**The task**.
Set down, word for word, the line with "С октября 1916" and the lines after it through the final line of the data below, without pictures.

**Source material**.
=== Begin Enclosure ===
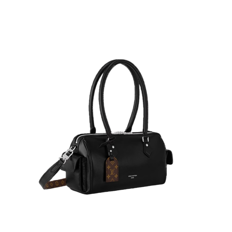 Part of the LV Vibe collection, the Speedy Cargo reinterprets the original 30s Speedy handbag with a neo-rock edge. It is crafted from glossy lambskin and accented with a Monogram address tag, paying tribute to the House’s trunk-making heritage. Capaciously sized for everyday essentials, it offers multiple carry options thanks to the removable leather strap.
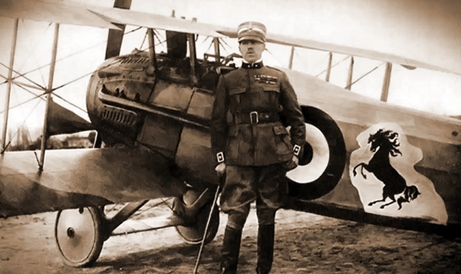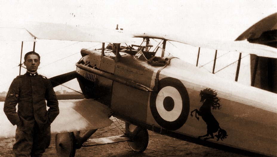 С октября 1916 года ас летал на более современном «Ньюпоре»-17 – первом самолёте этого типа, который получила эскадрилья. Именно на этом истребителе впервые была нанесена его личная эмблема – чёрный вздыбленный конь. Она стала данью уважения Королевскому Пьемонтскому полку с его серебряным «Cheval animé», – «играющим конём» , – и в дальнейшем повторялась на всех персональных самолётах аса.
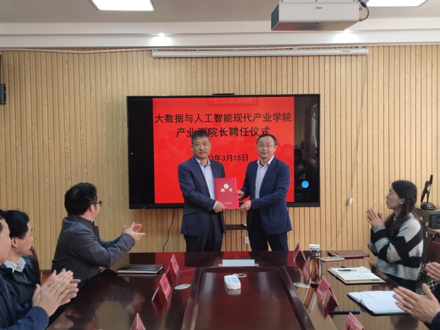本站讯(数学与计算机科学学院 供稿)为更好推进大数据与人工智能现代产业学院建设,深化校政企产教研融合,进一步提高人才培养质量,3月15日上午,数学与计算机科学(软件服务外包)学院在该院会议室举行大数据与人工智能现代产业学院产业副院长聘任仪式。知名产业营销实战专家、广东省低碳企业协会副会长、宜春市富硒农业协会秘书长冷跃进,数学与计算机科学(软件服务外包)学院党委书记甘诚智、院长胡红武、副院长何渊仁、党委副书记谢雪军、副院长臧爱彬出席了聘任仪式,该院各科室负责人、系主任及专业负责人参加了聘任仪式。仪式由甘诚智主持。
=== End Enclosure ===
**Answer box**.
 С октября 1916 года ас летал на более современном «Ньюпоре»-17 – первом самолёте этого типа, который получила эскадрилья. Именно на этом истребителе впервые была нанесена его личная эмблема – чёрный вздыбленный конь. Она стала данью уважения Королевскому Пьемонтскому полку с его серебряным «Cheval animé», – «играющим конём» , – и в дальнейшем повторялась на всех персональных самолётах аса.
本站讯(数学与计算机科学学院 供稿)为更好推进大数据与人工智能现代产业学院建设,深化校政企产教研融合,进一步提高人才培养质量,3月15日上午,数学与计算机科学(软件服务外包)学院在该院会议室举行大数据与人工智能现代产业学院产业副院长聘任仪式。知名产业营销实战专家、广东省低碳企业协会副会长、宜春市富硒农业协会秘书长冷跃进,数学与计算机科学(软件服务外包)学院党委书记甘诚智、院长胡红武、副院长何渊仁、党委副书记谢雪军、副院长臧爱彬出席了聘任仪式,该院各科室负责人、系主任及专业负责人参加了聘任仪式。仪式由甘诚智主持。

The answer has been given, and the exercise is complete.